By Leo Doran
While considerable attention is paid to the role Pell Grants play in subsidizing higher education, the federal government forgoes nearly as much revenue every year through tax incentives also aimed at making a postsecondary education more affordable. Unlike the Pell Grant program however, higher education tax incentives are not targeted specifically to parents and students from low-income families — in some cases, the highly complicated system actually results in greater benefits for wealthier Americans.
There are three main tax incentive programs that are designed to make higher education more affordable, the American opportunity tax credit, the lifetime learning credit, and the tuition and fees deduction. By law, taxpayers can only take advantage of one of these programs each year they file their taxes, meaning that savvy filers will calculate their tax burden multiple times applying the different incentives each time to figure out which program they should participate in. There is also a fourth program that allows taxpayers to take a student loan interest deduction, though this incentive is usually most relevant after a higher education degree has been completed.

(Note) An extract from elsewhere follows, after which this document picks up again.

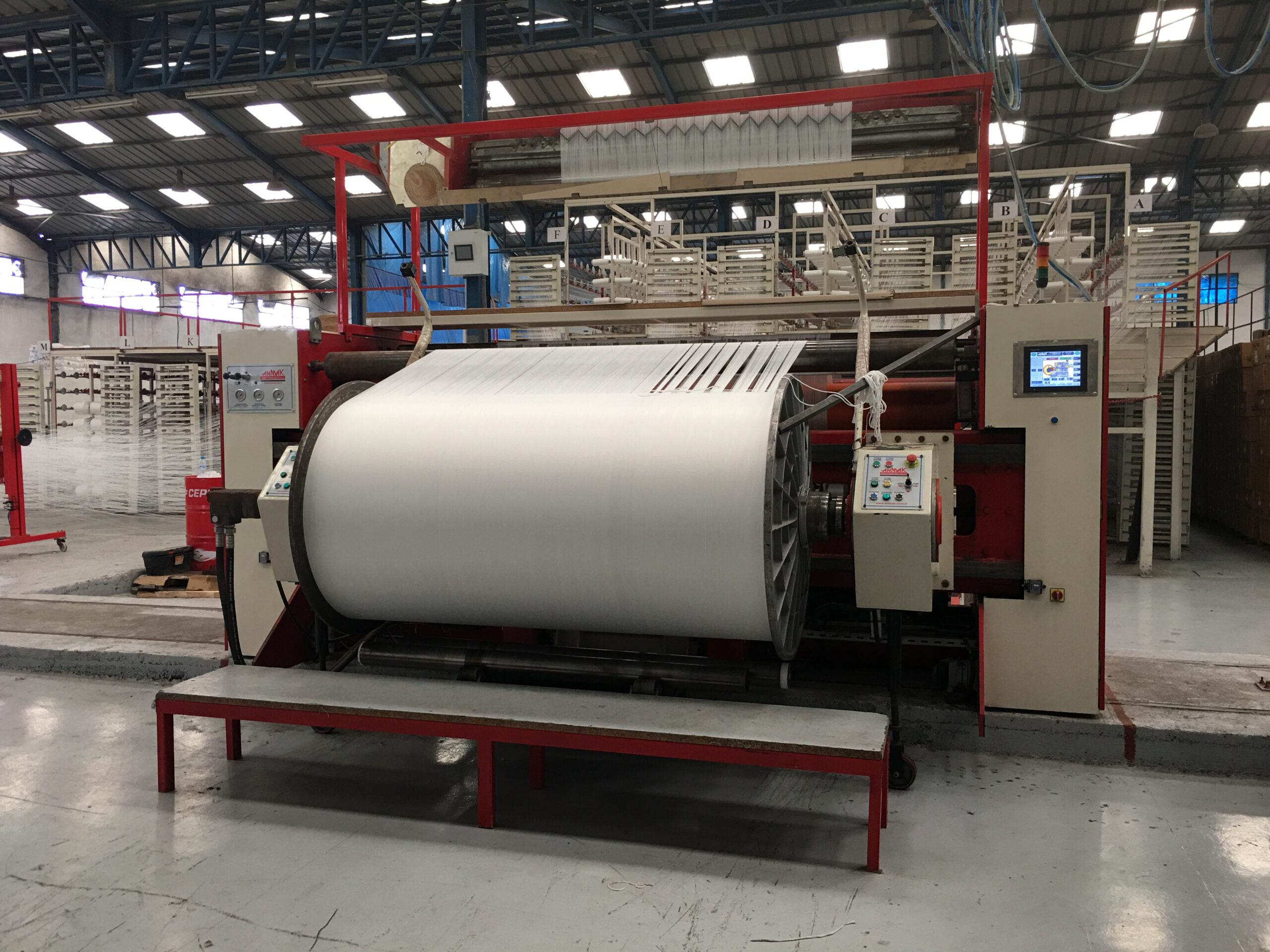KontrolPLC tarafından kontrol edilen makinenin; sağ tarafında kullanımı kolaylaştıran dokunmatik ekran bulunmaktadır. Hız kontrolü, iplik kontrolü, metraj kontrolü vs. görülebilir. |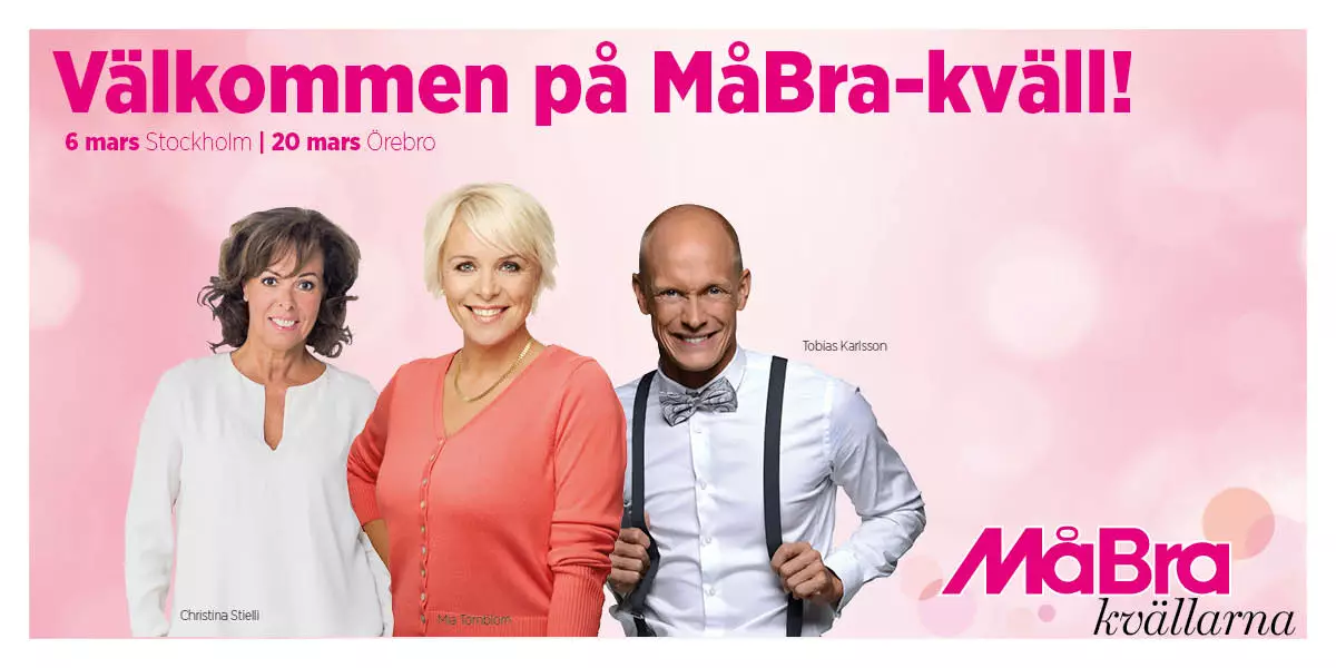 Välkommen på en helkväll tillsammans med MåBra och tre av Sveriges bästa föreläsare! Kvällen inleds med mingel och shopping innan programmet på scen tar vid. Kvällens underhållning är drömtrion Mia Törnblom, Christina Stielli och Tobias Karlssonsom målande berättar om generositet, drömmar och vägval i livet. Vi utlovar både skratt och gråt! Under kvällen bjuds det även på härlig mat och dryck samt möjlighet att prata med både MåBras redaktion och våra inspirerande föreläsare. Varmt välkomna!

Gordon Mermin, a senior research associate at the Urban Institute’s Urban-Brookings Tax Policy Center and an expert in higher education tax incentives, spoke with InsideSoures about how the current system works and what kind of reform proposals are being discussed. Mermin also helps maintain a simulation model of the federal tax system that allows researchers to evaluate who would benefit and who would suffer from proposals to alter the tax code.